Navid Afkari: Trump urges Iran not to execute champion wrestler
- Published
US President Donald Trump has called on Iran to overturn a death sentence passed down on a champion wrestler who took part in protests two years ago.
"To the leaders of Iran, I would greatly appreciate if you would spare this young man's life, and not execute him," Mr Trump tweeted on Thursday, external.
Navid Afkari, 27, was handed two death sentences over the murder of a security guard during protests in Shiraz.
But there are concerns his confession was extracted under torture.
His brothers Vahid and Habib were sentenced to 54 and 27 years in prison in the same case, according to human rights activists in Iran.
Citing a Fox News report, Mr Trump said the wrestler's "sole act was an anti-government demonstration on the streets".

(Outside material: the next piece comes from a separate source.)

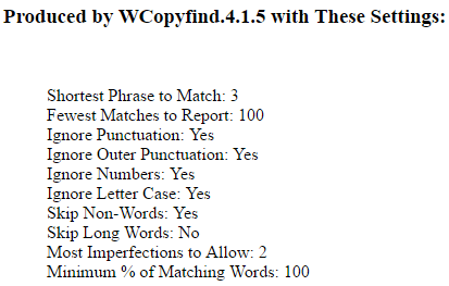 - Copyfind* File Comparison Report

Earlier in the day, US State Department spokeswoman Morgan Ortegus tweeted: "We join the world in outrage at the Iranian regime's death sentence for Navid Afkari, who was tortured into giving a false confession after participating in peaceful protests in 2018."
"The regime also tortured his two brothers and sentenced them to decades in prison. Let them go!"

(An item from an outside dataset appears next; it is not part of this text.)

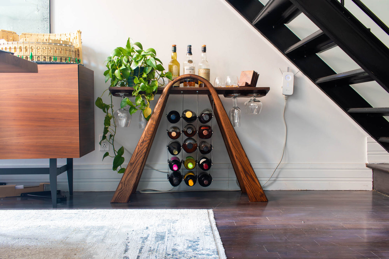 In an industrial style loft in Old Port, Montreal, sits this angled and intriguing wine rack and display piece. This home lies in the heart of art galleries and the resident called for a piece that expressed more than just function. Using mixed materials, and various methods of support, this piece is both functional and intriguing. going beyond the standard shelving units or bar carts.

A number of international wrestling figures and activists have also called for the brothers' release, and a petition calling for Afkari's life to be spared, external has been signed more than 10,000 times.
An Iranian state television-linked news agency confirmed Thursday that Navid Afkari had been sentenced to death.
But in a audio recording leaked from the prison where he is being held, Afkari said he had been tortured. His mother, meanwhile, has said her sons were forced to testify against each other under torture.
The brothers' lawyer, Hassan Younesi, said on Twitter that contrary to Iranian news reports, there was no video of the moment of the security guard's killing. He added that footage used as evidence in the case was taken an hour before the crime took place.
In 2018, protesters in cities across Iran took to the streets over economic hardship and political repression.
Further demonstrations took place late last year in protest against fuel price rises.
More than 7,000 people, including children as young as 10, were arrested in the crackdown that followed the 2019 unrest, according to Amnesty International.
Hundreds of protesters were killed, while those who survived were physically and sexually abused, a report released this week found.